• **PROMPT**:
Output each record verbatim, with pictures left out.

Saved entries
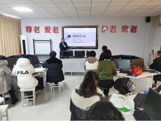 杨静秋、冯延红、刘斐斐三位老师分别进行了汇报讲解。杨静秋老师讲解的是《德国职业教育教学法实战——结合学习成果设计本专业课程公开课》、冯延红老师讲解的是《新疆支教经验分享暨人才培养模式分析》、刘斐斐讲解的是《健康养老照护大赛备赛经验分享》。
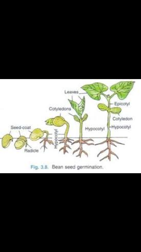 A stalk (hypocotyl) sets the seed and cotyledons firmly into the soil.
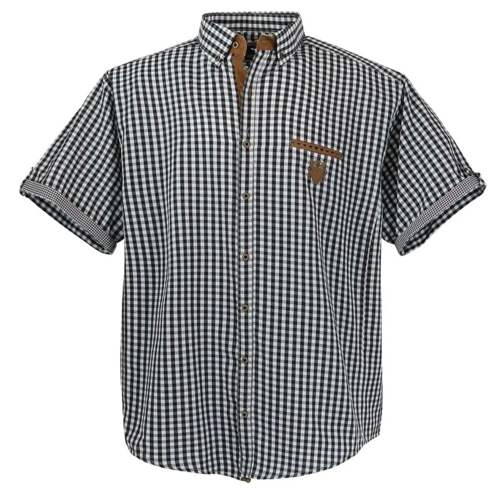 Košeľa s krátkym rukávom v nadmerných veľkostiach 3 - 7XL. Košeľa je vyrobená 90% bavlna, 10% polyester a je strihu regular fit. Košeľa okraj rukávov v inom vzore. Vnútro légii je v hnedej farbe. Na hrudi je logo firmy.
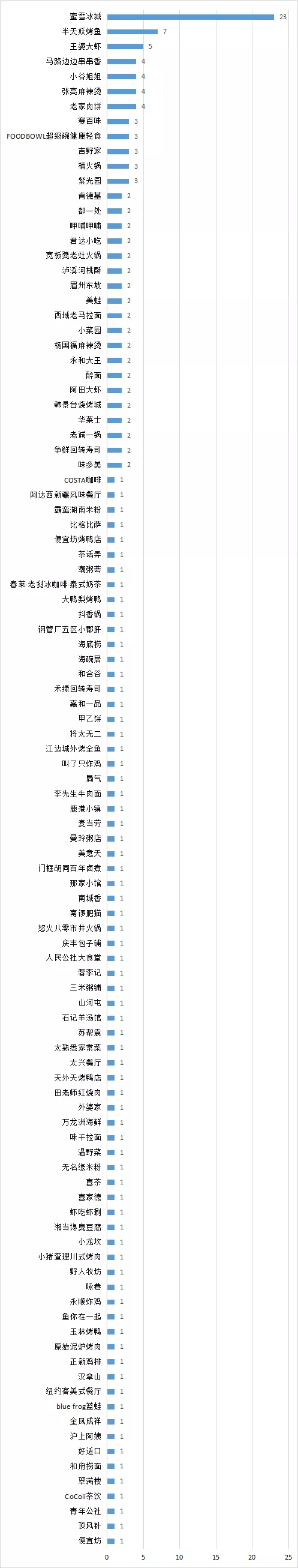 通報稱,2023年,市、區市場監管局繼續在全市范圍內對連鎖餐廳、“網紅”餐廳、美食城等餐飲企業開展食品安全大檢查。根據2023年1月以來發佈的通報統計,共有超過百個品牌的近180傢連鎖餐飲門店存在食品安全問題,其中蜜雪冰城存在問題的門店數量最多,涉及23傢。半天妖烤魚共有7傢門店出現食品安全問題,在連鎖餐館中數量最多。
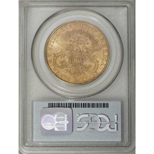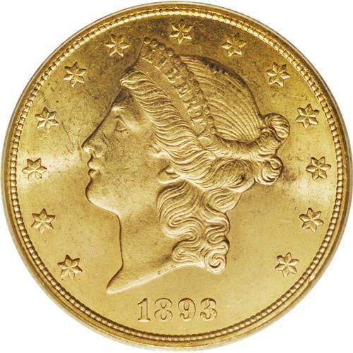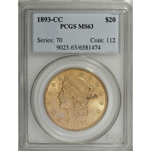 <B>1893-CC $20 MS63 PCGS.</B></I> This Select quality double eagle is from the Carson City Mint's final issue. It seems very nice for the grade, and not "market-graded". The shimmering satiny luster and yellow-gold toning, with peach highlights, is very attractive. Most numismatists would rate this as a well struck piece, despite a hint of weakness on some the design's highest points. A faint smudge mark on the back of and just behind Liberty's hair bun is probably from a speck of grease on the die at the time of striking. "Choice examples are very scarce, and only one coin has been certified at the MS-64 level," according to Garrett and Guth's <I>Encyclopedia of U.S. Gold Coins.</B></I> Population: 18 in 63, 0 finer (11/06).<BR><I>From The Kutasi Collection.</B></I><BR><BR><b>Shipping:</b> Coin/Currency (<a target="_blank" href="http://www.heritageauctions.com/common/shipping.php">view shipping information</a>)
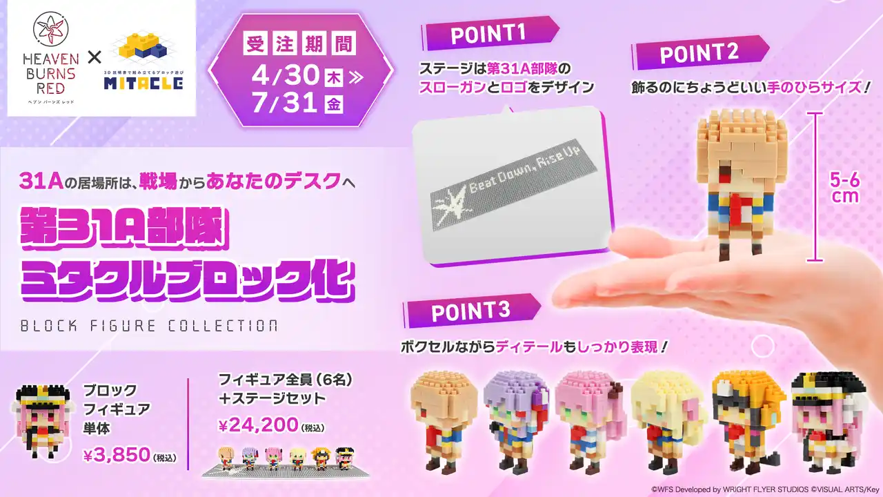 株式会社G-ant(所在地:東京都中央区、代表取締役:平川 彰悟)は、ライトフライヤースタジオ × Keyが贈るドラマチックRPG『ヘブンバーンズレッド』とのコラボレーションとして、ボクセル技術を活用した組み立てフィギュア「ミタクルブロック」の新商品6種+コンプリートセットを発売いたします。主人公・茅森月歌が所属する第31A部隊6名が、それぞれミタクルブロック化。
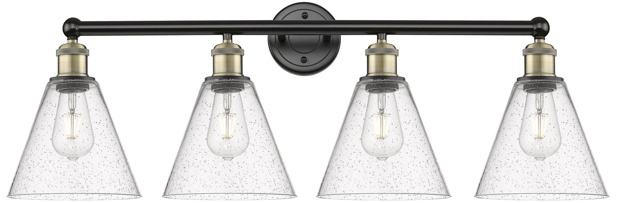 Berkshire 35"W 4 Light Black Antique Brass Bath Light With Seedy Shade
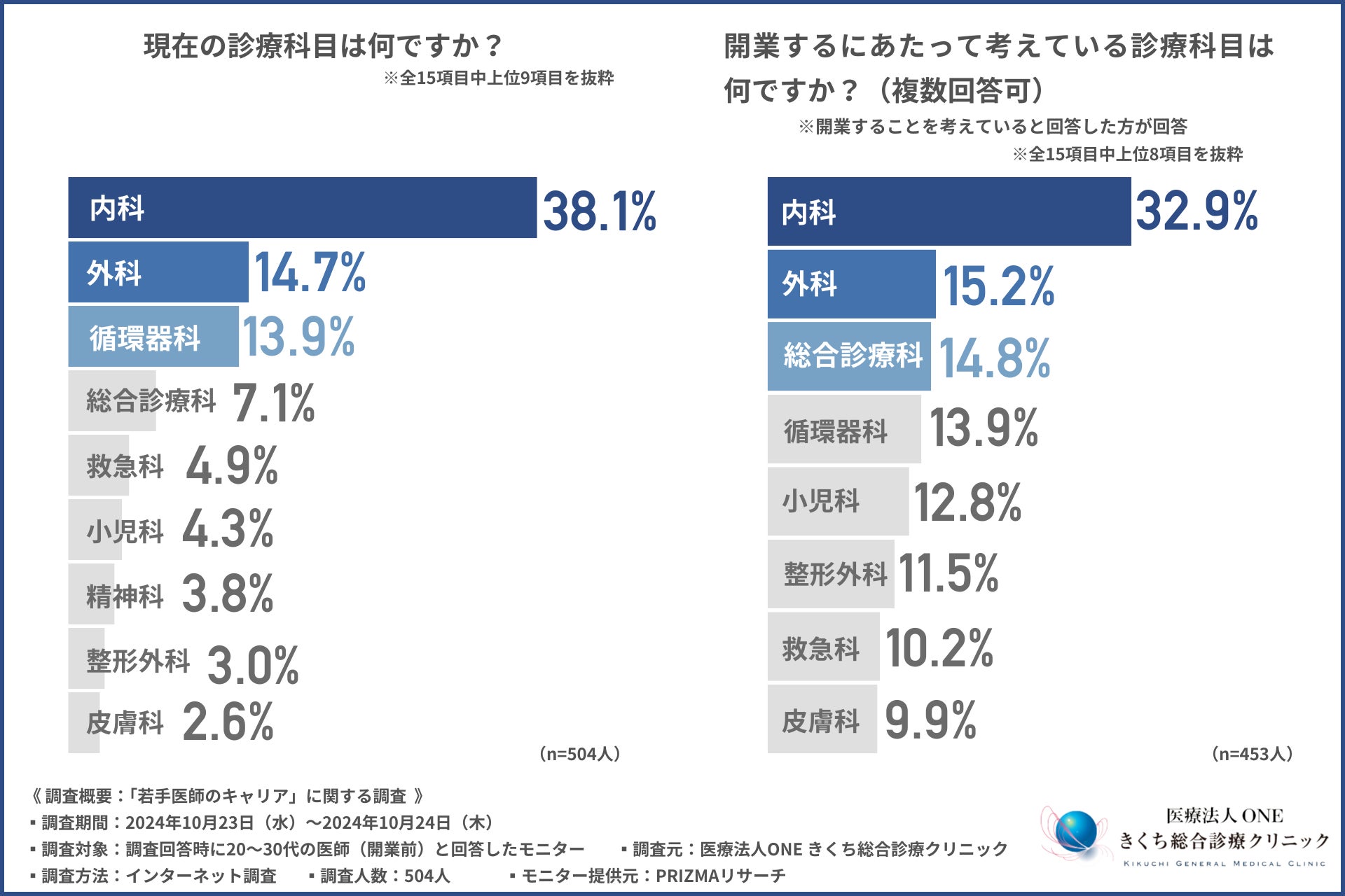 そこで今回、医療法人ONE きくち総合診療クリニック(https://kikuchi-geclinic.jp/index.html)は、20~30代の医師(開業前)を対象に、「若手医師のキャリア」に関する調査を実施しました。

• **ANSWER TO THIS PROBLEM**:
 杨静秋、冯延红、刘斐斐三位老师分别进行了汇报讲解。杨静秋老师讲解的是《德国职业教育教学法实战——结合学习成果设计本专业课程公开课》、冯延红老师讲解的是《新疆支教经验分享暨人才培养模式分析》、刘斐斐讲解的是《健康养老照护大赛备赛经验分享》。
 A stalk (hypocotyl) sets the seed and cotyledons firmly into the soil.
 Košeľa s krátkym rukávom v nadmerných veľkostiach 3 - 7XL. Košeľa je vyrobená 90% bavlna, 10% polyester a je strihu regular fit. Košeľa okraj rukávov v inom vzore. Vnútro légii je v hnedej farbe. Na hrudi je logo firmy.
 通報稱,2023年,市、區市場監管局繼續在全市范圍內對連鎖餐廳、“網紅”餐廳、美食城等餐飲企業開展食品安全大檢查。根據2023年1月以來發佈的通報統計,共有超過百個品牌的近180傢連鎖餐飲門店存在食品安全問題,其中蜜雪冰城存在問題的門店數量最多,涉及23傢。半天妖烤魚共有7傢門店出現食品安全問題,在連鎖餐館中數量最多。
 <B>1893-CC $20 MS63 PCGS.</B></I> This Select quality double eagle is from the Carson City Mint's final issue. It seems very nice for the grade, and not "market-graded". The shimmering satiny luster and yellow-gold toning, with peach highlights, is very attractive. Most numismatists would rate this as a well struck piece, despite a hint of weakness on some the design's highest points. A faint smudge mark on the back of and just behind Liberty's hair bun is probably from a speck of grease on the die at the time of striking. "Choice examples are very scarce, and only one coin has been certified at the MS-64 level," according to Garrett and Guth's <I>Encyclopedia of U.S. Gold Coins.</B></I> Population: 18 in 63, 0 finer (11/06).<BR><I>From The Kutasi Collection.</B></I><BR><BR><b>Shipping:</b> Coin/Currency (<a target="_blank" href="http://www.heritageauctions.com/common/shipping.php">view shipping information</a>)
 株式会社G-ant(所在地:東京都中央区、代表取締役:平川 彰悟)は、ライトフライヤースタジオ × Keyが贈るドラマチックRPG『ヘブンバーンズレッド』とのコラボレーションとして、ボクセル技術を活用した組み立てフィギュア「ミタクルブロック」の新商品6種+コンプリートセットを発売いたします。主人公・茅森月歌が所属する第31A部隊6名が、それぞれミタクルブロック化。
 Berkshire 35"W 4 Light Black Antique Brass Bath Light With Seedy Shade
 そこで今回、医療法人ONE きくち総合診療クリニック(https://kikuchi-geclinic.jp/index.html)は、20~30代の医師(開業前)を対象に、「若手医師のキャリア」に関する調査を実施しました。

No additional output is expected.